Географическая близость к Европе сделала в глазах европейских – особенно французских – писателей и художников воплощением Востока Танжер. Первым, кто превратил этот марокканский город в пейзаж, представляющий собой гигантскую абстракцию, был Делакруа в тридцатые годы XIX века. Его бурнусы и лошади, юноши и ковры на фоне белых строений с проглядывающим глянцевым морем отражают те сюжеты, что будут раз за разом повторяться в изображениях Северной Африки. Восемьдесят лет спустя Матисс модернизировал всё ту же традицию, придав геометричность городу и его обитателям. Испанские художники, такие как Мариано Фортуни, Антонио Фуэнтес и Хосе Эрнандес, добавили этому живописному пейзажу новые штрихи. Эрнандес, будучи частью испанской диаспоры города, выставлял свои работы в Librairie des Colonnes – возможно, самом значительном местном культурном центре последних шестидесяти лет, где, кстати, работал писатель Анхель Васкес, награжденный в 1962 году премией «Планета» и опубликовавший пятнадцатью годами позже свой замечательный роман о городе – «Собачья жизнь Хуаниты Нарбони». Мы привыкли вспоминать награды американских и французских художников, сделавшие Международный Город одним из нервных узлов культуры ХХ века. Но вокруг него вращались и многочисленные оригиналы из других стран, вроде упомянутых испанцев или чилийского художника-гиперреалиста Клаудио Браво, жившего в Танжере с 1972 года до самой своей смерти в 2011, или собственно марокканских мастеров, участвовавших в создании легенды: художника Мохамеда Хамри, писателей Мохамеда Шукри, Абдеслама Булеша, Ларби Лайаши, Мохаммеда Мрабе и Ахмеда Якуби.

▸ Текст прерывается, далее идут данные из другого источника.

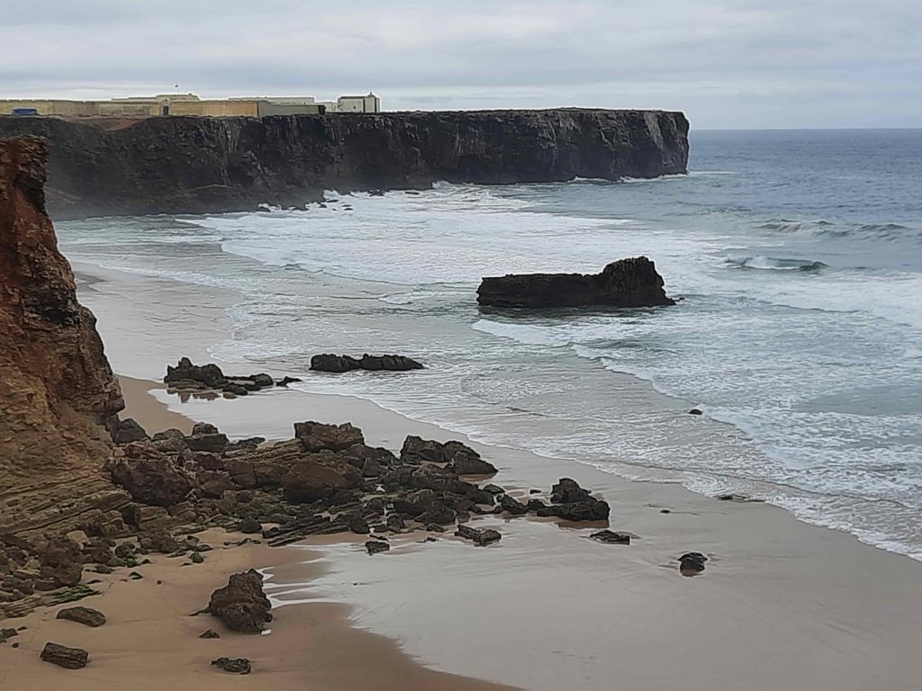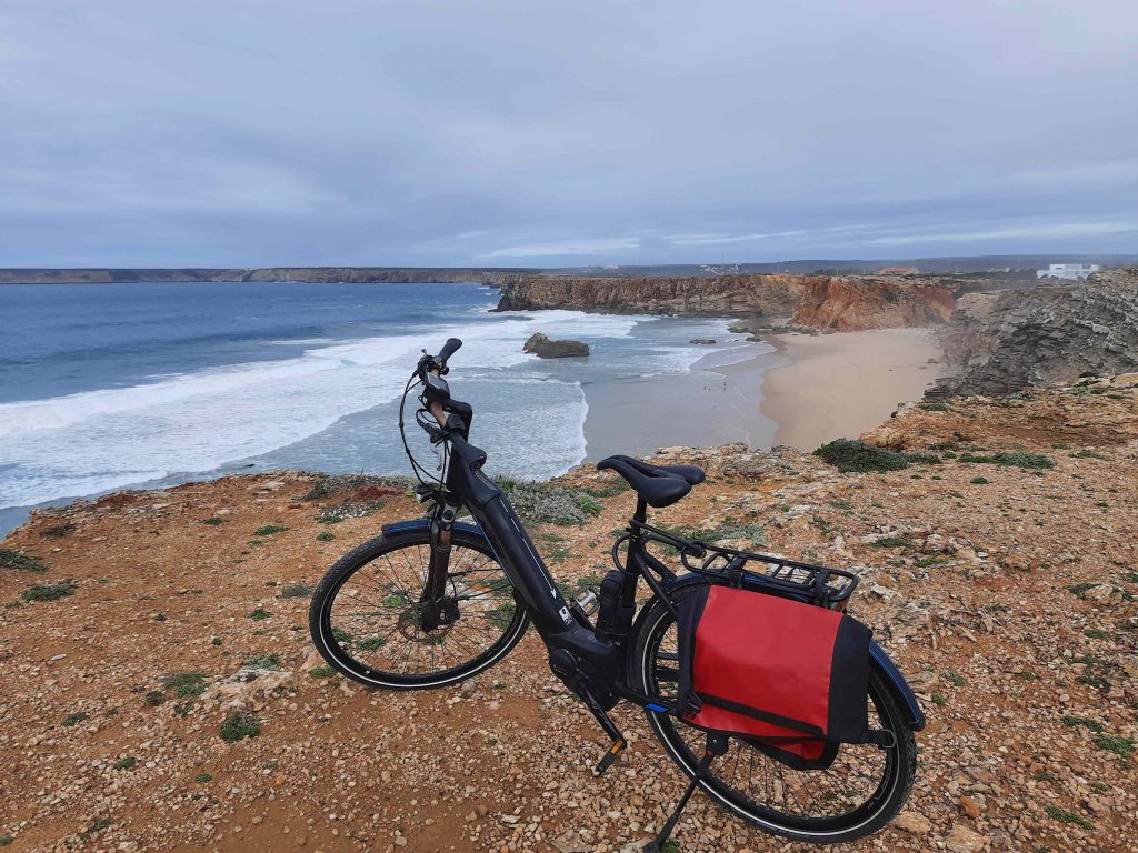 Gegen 10:00 Uhr fahren wir mit den Rädern nach Sagres. Zurest zu Festung. Vor der Festung gibt es einen großen Parkplatz der mit den Campingbussen der Surfer die hier Übernachten gefüllt ist. Auch kann man wieder zu 2 Stränden über kleine Wege hinuntergehen.

Официальная история так называемой танжерской легенды начинается с 1947 года, когда в город прибыл Пол Боулз. На следующий год к Боулзу переехала его жена Джейн. Позднее сюда приехали Теннесси Уильямс, Трумен Капоте, Жан Жене, Уильям Берроуз (и прочие представители бит-поколения) и Хуан Гойтисоло. Помимо вечеринок в частных домах и ставших ежедневными кофепитий, было два главных места притяжения для этих столь разных творцов и множества других персонажей. Танжер посещали богачи и искатели приключений, дилетанты и музыканты, привлеченные африканскими ритмами. Здесь бывали актеры, такие как венгр Пол Лукас, который сыграл в «Веселье в Акапулько» вместе с Элвисом Пресли и в «Лорде Джиме» Ричарда Брукса. Лукас умер в Танжере, пока искал место, где провести последние годы жизни. А также режиссеры вроде Бернардо Бертолуччи и музыкальные группы, например, The Rolling Stones. Первым в ряду этих местных достопримечательностей – наподобие Гертруды Стайн или Сильвии Бич в межвоенном Париже – был сам Боулз. А главным местом притяжения – книжный магазин Librairie des Colonnes, который открылся тогда же, когда в Танжер перебрались Боулзы, и который их пережил.

Бельгийская чета Жерофи – Робер, архитектор и археолог, друг Жене, Андре Жида, Малкольма Форбса, и Ивонн, библиотекарь по образованию, – опираясь на неизменную поддержку сестры Ивонн Изабель, стояла у штурвала Librairie des Colonnes с самого его открытия летом 1949 года. Место это им предложил Галлимар, хозяин магазина. Брак был фиктивным, как, собственно, и у Боулзов, ведь супруги были гомосексуалистами, а Танжер в те времена представлял собой идеальное место для подобных союзов. Пока сестры Жерофи руководили книжным магазином, став в итоге культурными достопримечательностями, Робер посвящал себя дизайну и архитектуре. Среди прочих проектов он осуществил перестройку арабского дворца, в котором Форбс, издатель и владелец знаменитого журнала, хранил свою коллекцию, насчитывавшую сто тысяч оловянных солдатиков. На одной фотографии агентства Magnum мы видим его, уже пожилого: он смотрит в камеру, одетый в белый жилет с белой же шляпой руках, словно «manager of the Forbes State»[44]. Между Жерофи и Боулзами сложились тесные отношения, как явствует из открыток, которыми обменивались писатели. Для Пола Жерофи стали чем-то привычным и постоянно присутствующим, частью повседневного пейзажа наряду с площадью Соко-Чико или Гибралтарским проливом. Для Джейн же Ивонн была близкой подругой, а временами и сиделкой, ведь именно она поддерживала Джейн во время долгих периодов психологической неустойчивости. 17 января 1968 года Джейн вошла совершенно невменяемой в Librairie des Colonnes и, никого не узнавая, попросила в долг два дирхама; затем она взяла две книги и, несмотря на напоминание ее служанки Аиши, ушла с ними, так и не заплатив.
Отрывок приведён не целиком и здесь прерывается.